All he did was ensure that two small children will grow up without their father and leave a widow to mourn her husband.
Kirk, the founder and CEO of Turning Point USA, will never again engage in conversations with young people on America’s college campuses, but his voice and message will carry on despite his assassin’s despicable act.
In fact, Charlie Kirk’s killer ensured that even more people will come to know what the 31-year-old conservative Christian speaker and political activist stood for and why he toured America to engage with young people — especially those who seemed to have no regard or use for his message.
Kirk’s assassin thought he was putting a target on the young man and that cutting him down in such a bloody, public manner would chill discourse and force others with similar views to swallow their words and live in fear.
“You could be next, so watch what you say,” seems to be the message behind the cold-blooded assassination Wednesday at Utah Valley University.
Instead, this cowardly act has shone the spotlight again on the growing issue of political violence in America.
It happened last year, when a would-be assassin tried to take down then-presidential candidate Donald Trump in Butler, Pa., and another stalked him near his home in Mar-a-Lago.
It happened late last year in another cowardly, murderous act in New York, when a man shot the CEO of a health care company in the back.
It happened a few years ago when a crazed Bernie Sanders supporter opened fire on Republican lawmakers during a softball practice for the annual game between the GOP and Democratic colleagues.
There have been other incidents over the years — far too many — in which politicians and public figures have been gunned down in very public manners.
We used to think that these things didn’t happen in the United States.

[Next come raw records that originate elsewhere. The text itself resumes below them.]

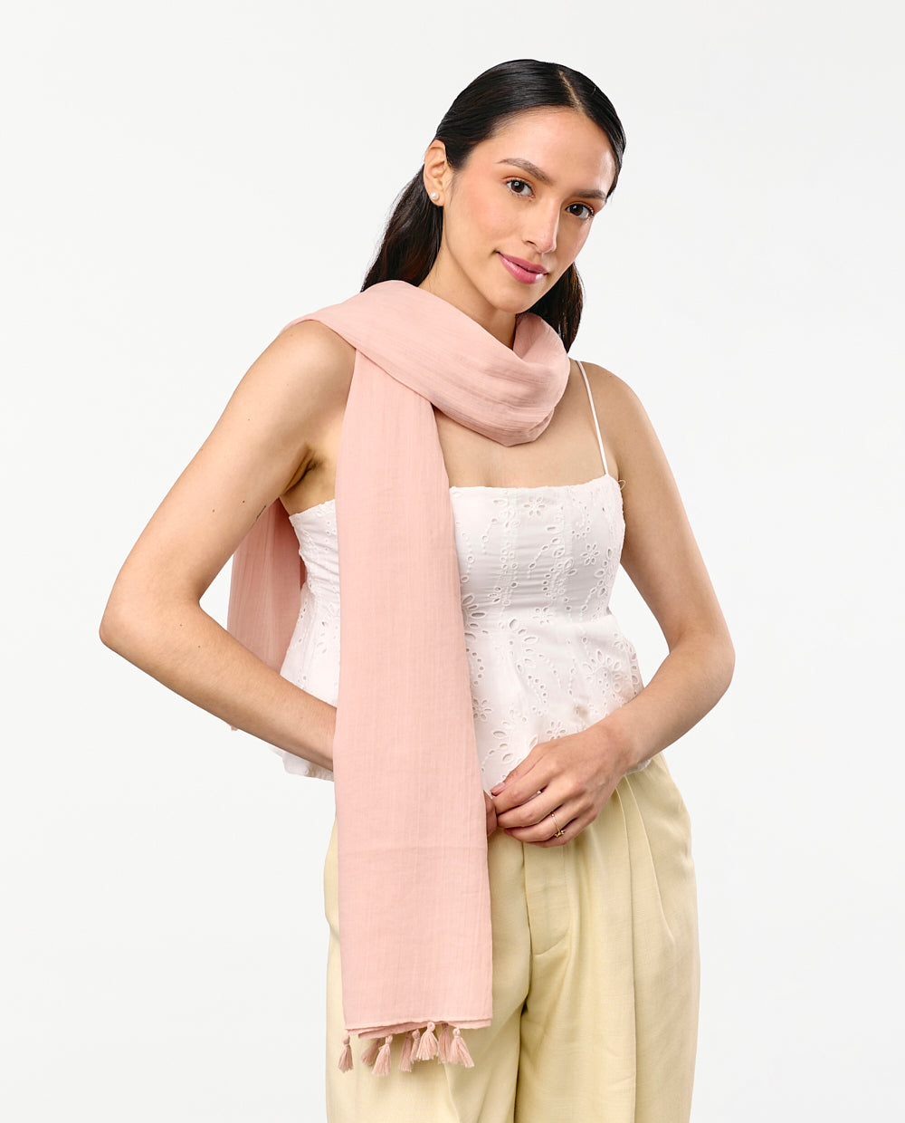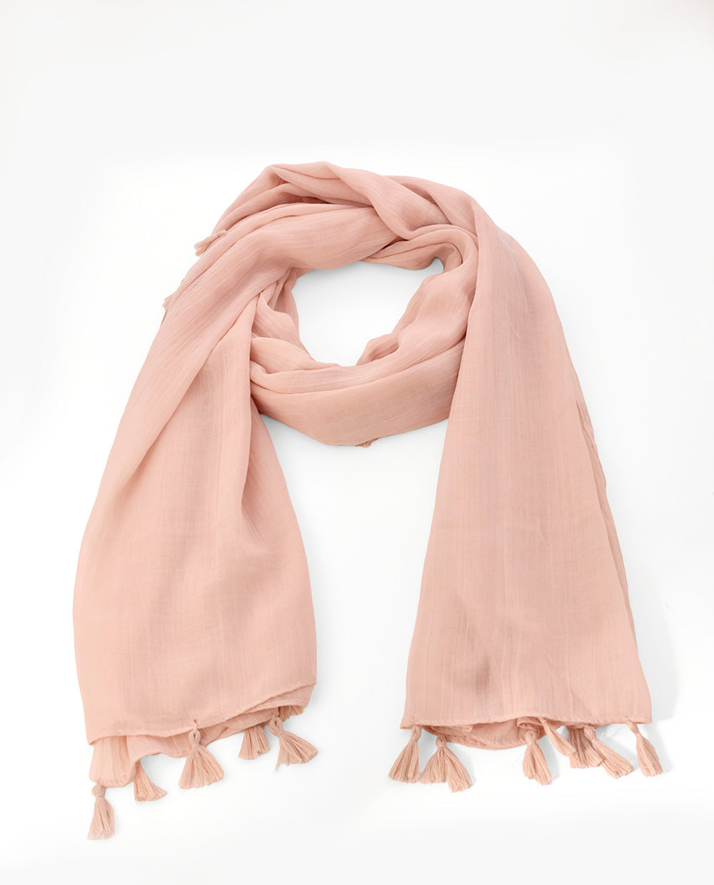 Pashmina ligera en color rosado, de textura suave y caída fluida, con terminaciones en borlas que aportan un toque elegante y versátil.
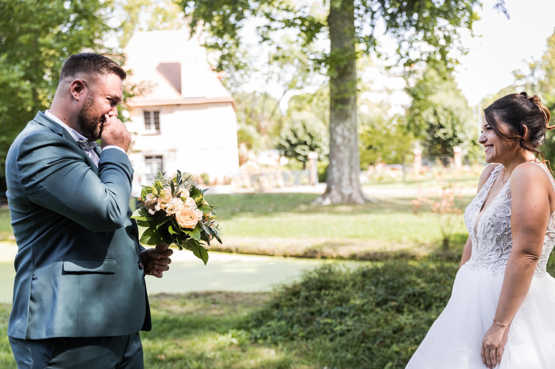 Pour la petite histoire, depuis que je fais ce métier il est arrivé à de très rares occasions que mes Mariés décident de modifier la date prévue de leur Mariage, pour des raisons personnelles. Bien sûr, je ne parle pas là de la période Covid où les reports étaient légitimes, mais bien de changement volontaire, généralement pour reculer cela à plus tard. Il y a aussi eu quelques fois où des couples signés ont tout annulé par la suite pour des motifs plus délicats (séparation en somme)... Concernant Laure & Jonathan, ce sont néanmoins mes premiers Mariés à avoir décalé la date...pour l'avancer de quasiment 1 an !! En effet, durant l'été 2021, ils m'avaient engagé pour leur Mariage le 1er juillet 2023 (selon les recommandations élogieuses d'un autre couple dont j'avais couvert le grand jour peu avant). Suite à notre premier visio qui les avait carrément motivé, ils s'étaient plongés à fond dans leurs préparatifs, à tel point qu'en fin de compte, rapidement 2023 leur semblait bien trop loin pour s'unir enfin... Ils me recontactaient alors l'automne dernier pour me demander ce qu'il me restait comme samedis de libres cet été... Autrement dit, je leur répondais qu'étant déjà bien blindé sur 2022, cela allait être compliqué ! Toutefois, leur enthousiasme et le feeling avec ces 2 là m'imposaient de leur trouver une solution. Je leur proposais alors exceptionnellement le samedi 27 août, où de base j'avais normalement prévu de ne pas faire de Mariage, compte tenu que j'en avais déjà un juste avant le mercredi 24 loin de chez moi (celui de Chloé et Quentin que je vous présentais récemment). Et voilà comment ils sautaient sur cette date en me la bloquant illico, et trouvaient du coup un autre lieu de réception libre lui aussi le 27 août afin que l'on puisse toujours collaborer ensemble ! Quant au 1er juillet 2023 qui s'était libéré dans mon agenda, il était de nouveau réservé peu après par d'autres futurs Mariés, pour leur plus grand bonheur également. C'est un fait, j'ai de plus en plus de couples qui calent ainsi leur date officielle de Mariage en fonction de mes disponibilités, ça me semble fou mais ça fait tout de même très plaisir. Surtout pour vivre de la sorte une prestation avec son lot de fun et d'émotion fortes !! Comme ici lors du magnifique first look de Laure & Jonathan dans le Jardin d'horticulture de Chartres, là même où nous avions réalisé leur séance Engagement cet hiver. C'est vrai que ça aurait été bien dommage de devoir attendre un an supplémentaire pour concrétiser tout cela...
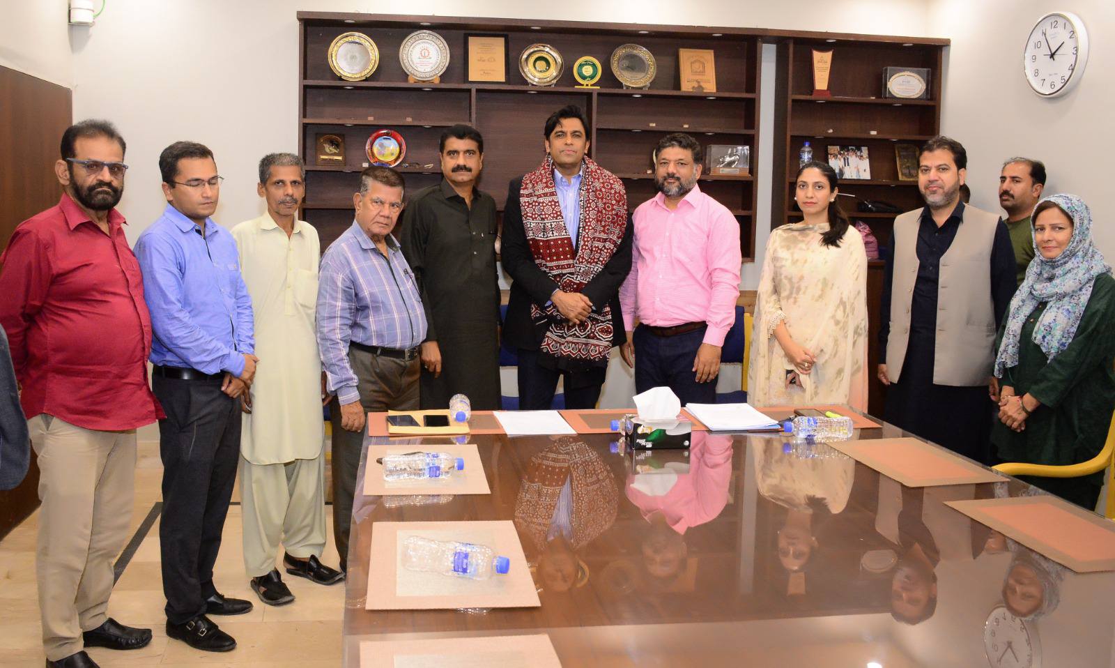 Chief Secretary Sindh, Syed Asif Haider Shah, visited the Karachi Press Club on Tuesday, praising the institution as a historic pillar that has played a vital role in supporting democracy. Upon his arrival, he was warmly welcomed by President Saeed Sarbazi, Secretary Shoaib Ahmed, and the Governing Body members. As a token of appreciation, the Chief Secretary was presented with a traditional Sindhi Ajrak and the club’s souvenir. He also toured various departments of the Press Club.

Americans, we believed, were above political violence. But clearly, there are those among us who are more than willing to do the unthinkable because someone’s views differ from our own. Presidents, statesmen and civil rights leaders have been shot down by radical madmen periodically for more than 150 years.
Is this who we are? Is it who we want to be? We’d like to think not, but the killing of Charlie Kirk and the recent murders of Minnesota House Speaker Melissa Hortman and her husband — along with a lengthy list of successful and unsuccessful assassination attempts — suggest this is exactly who we are.
How do we change that? How do we make sure that the uniquely American right to free speech will not be chilled by those who would terrorize us for exercising it?
We start by tracking down Kirk’s assassin and prosecuting him to the fullest extent of the law. We seek justice for this young man’s family, who lost a husband, father and son because someone believed he had no right to speak his mind.
And we show all who would silence free speech that Americans of all political stripes will not cower in fear and remain silent in the face of terrorist actions.
That is not who Charlie Kirk was, and it’s not who the vast majority of his fellow Americans are.